Computational Ayahuasca: Simulating DMT on Artificial Neural Networks
What can we learn from psychedelics and AI?
In our data and machine-obsessed society, psychedelics together with cannabis are starting to be decriminalized and used for pharmaceutical purposes. There is now even an ETF on pharmaceutical companies related to psilocybin and other psychedelics considered a promising market.
DMT (acronym of N,N-dimethyltryptamine) is the main component of the Ayahuasca brew traditionally used by shamans in South America for therapeutic purposes. Together with the therapeutic purposes and mental health effects, it introduces highly visual hallucinations. Those are generally geometric patterns and saturation of visual spaces. A great lecture about the different types of hallucinations can be found in the video below from the Harvard Psychedelic Society.

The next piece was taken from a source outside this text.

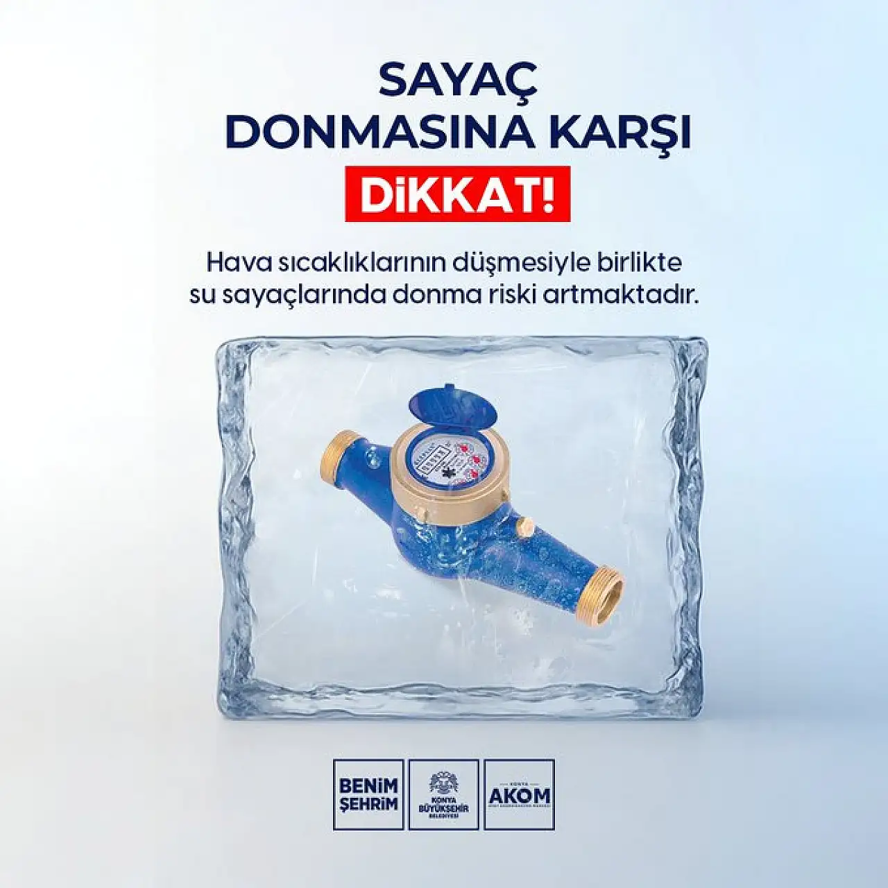 Konya genelinde hava sıcaklıklarının hissedilir derecede düşmesiyle birlikte Konya Büyükşehir Belediyesi Afet Koordinasyon Merkezi (AKOM), vatandaşları su sayaçlarında oluşabilecek donma riskine karşı uyardı.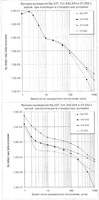 Нептуний, кюрий и калифорний Функции выведения Np-237, Cm-242, 244 и Cf-252 с мочой при ингаляции в стандартных условиях

Recently, researchers of the Imperial College in London and the Université de Genève in Geneva have created a model using two generative deep convolutional networks to reproduce psychedelic hallucinations related to DMT. The idea is not new, and it has been already attempted in 2015 by Google DeepDream. Although, the authors here elaborate a bit more on the serotonin perturbance and effect of conscious experience.
DMT has a chemical structure very similar to serotonin and for this, it leads to several relevant benefits, especially against depression. However, at the same time, due to its “alien” presence in the brain, visual processes are not working properly. Moreover, additional inputs from other sensory systems are being interpreted as visual (it is a form of induced synesthesia).
Practically, those geometric patterns, which are seen, are the results of normal visual processes being disrupted. This includes persistence of images overlaying, 3D pattern filler being over-applied (as in the movie Inception or Dr.Strange), and difficulty distinguishing edges so objects blend and melt together. Moreover, saccades become asynchronous, and synesthesia occurs, which causes other sensory input to be interpreted as visual.
Why trying to reproduce those disruptions with artificial intelligence?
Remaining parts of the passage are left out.